Chapitre CXVII (1/2)
Malgré l’intensité poétique de cette salle creusée dans les falaises, ouverte sur les flots et parée de fleurs multicolores, je me sentais plus étreinte par l’angoisse que par la féérie. Je tentai d’abord de reprendre mon souffle, consciente que Lumi attendait patiemment que je lui explique les raisons de mon incursion dans son tête-à-tête avec elle-même. Je respirai donc un grand coup, et demeurant debout, seule, droite, je lui énonçai à voix basse toutes mes vérités.
« - Pardonnez-moi, Lumi, d’interrompre votre rêverie solitaire… Mais il faut absolument que je vous parle.
- Eh bien, je vous écoute… Lumi.
- …
- Décidez-vous !
- Oui. Voilà. Je m’appelle Lumi.
- Je le sais. Comme bon nombre de Champarfaitoises.
- En effet. Mais contrairement aux autres Champarfaitoises, j’ai grandi en plein cœur du palais royal, au carrefour de nos rivières sacrées, entre le bleu du ciel et l’infini des champs.
- …
(Lumi semblait prête à défaillir d’ennui et d’incompréhension devant mon récit décousu.)
- Et puis un jour, on m’a mariée à Rotu. Le prince, ou plutôt le roi ! J’étais ravie, malgré les mises en garde de mon père ! Et j’avais tort… Il s’est montré brutal et impitoyable. Alors je me suis enfuie. Et par hasard, j’ai été embarquée sur un bateau Lointain.
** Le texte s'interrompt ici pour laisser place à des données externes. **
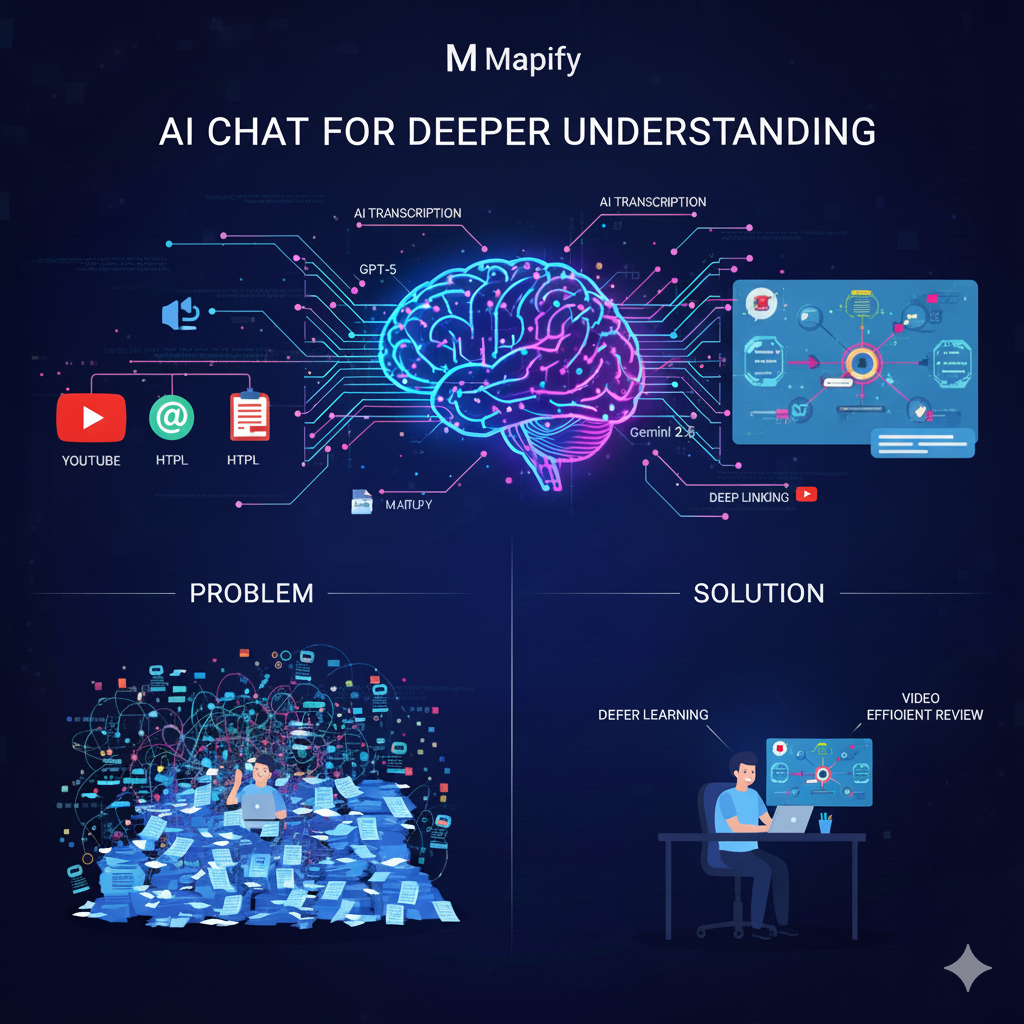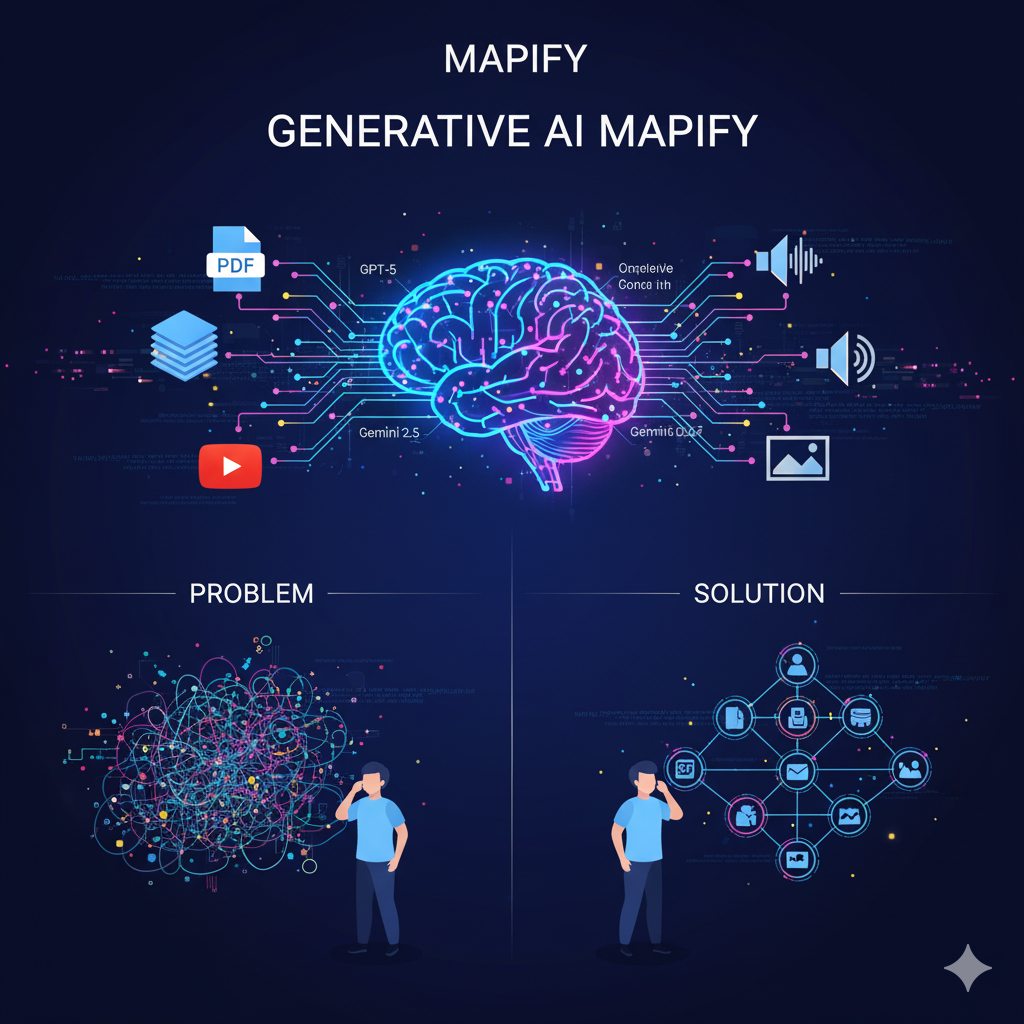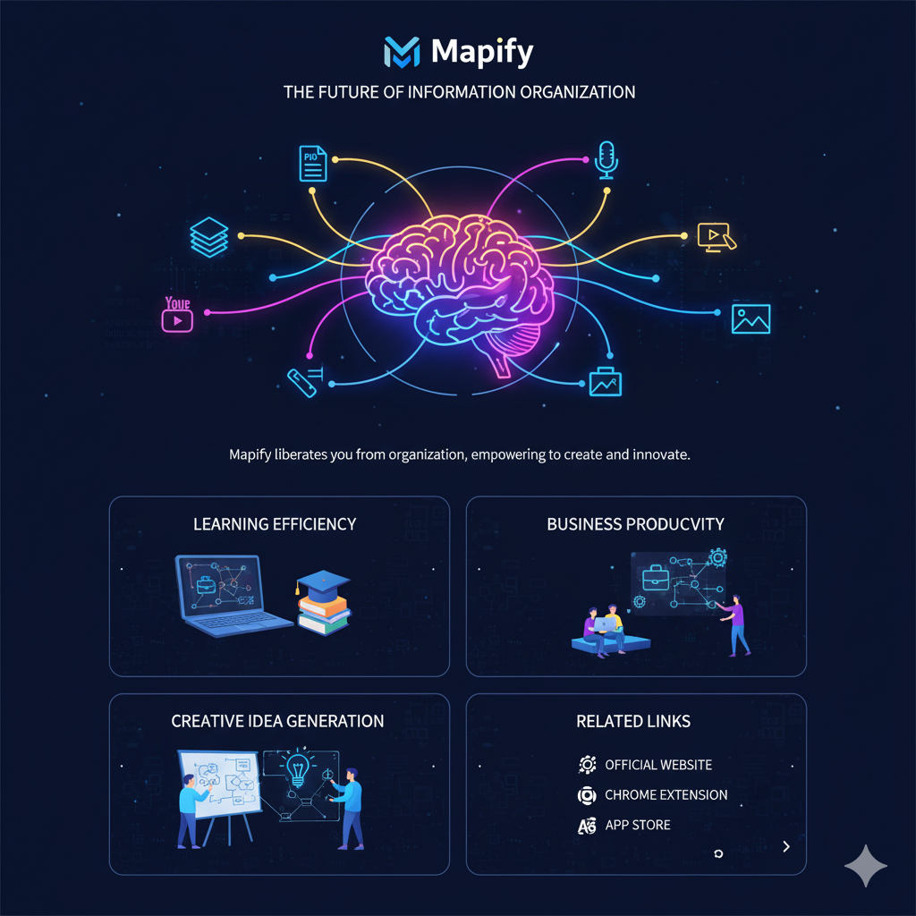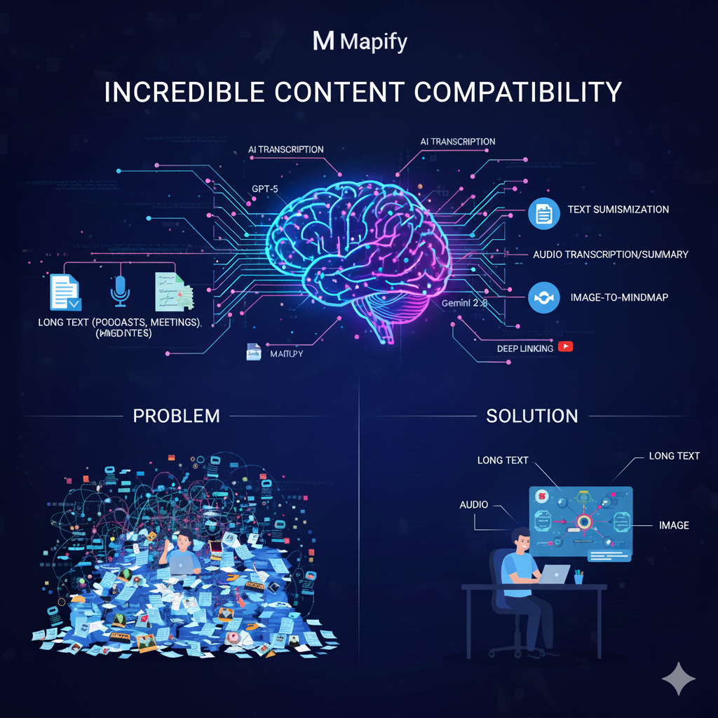 しかし、従来のマインドマップ作成には、情報の読み込み、要点の抽出、そして手動でのマッピングという手間と時間がかかる作業が必要でした。この課題を解決するために登場したのが、生成 ai Mapifyです。Mapifyは、最先端の生成AI技術(GPT-5やGemini 2.5などのLLM)を活用し、あらゆる形式のコンテンツを瞬時に、そして自動で構造化されたマインドマップに変換する革新的なツールなのです。これにより、私たちは情報整理にかける時間を大幅に短縮し、より本質的な思考や創造的な活動に集中できるようになります。

(L’intérêt sembla se réveiller dans le regard de mon interlocutrice.)
- Par hasard ?
- Oui. J’ai entendu les pas d’une patrouille, je me suis cachée dans une caisse… Cette caisse a été chargée à bord. Et voilà.
- Voilà.
- C’est ainsi que j’ai rencontré Orcinus. Enfin, Lomu, puisque c’est ainsi que vous l’appelez.
- C’est ainsi que ses parents l’ont appelé.
- Oui, je sais. Mais à l’époque, je l’ignorais. Lui aussi. Et nous étions si heureux ! Nous avons vécu ensemble pendant des mois… Jusqu’à ce que vos compatriotes ne mettent la main sur lui et ne l’emmènent loin de moi.
- Oh…
- …
- Puisque Lomu vous aimait, et si vraiment vous l’aimiez aussi, pourquoi l’avoir quitté sans un mot ?
- Non ! Ce n’est pas vrai.
- C’est pourtant ce qu’il m’a dit. Et il ne ment jamais.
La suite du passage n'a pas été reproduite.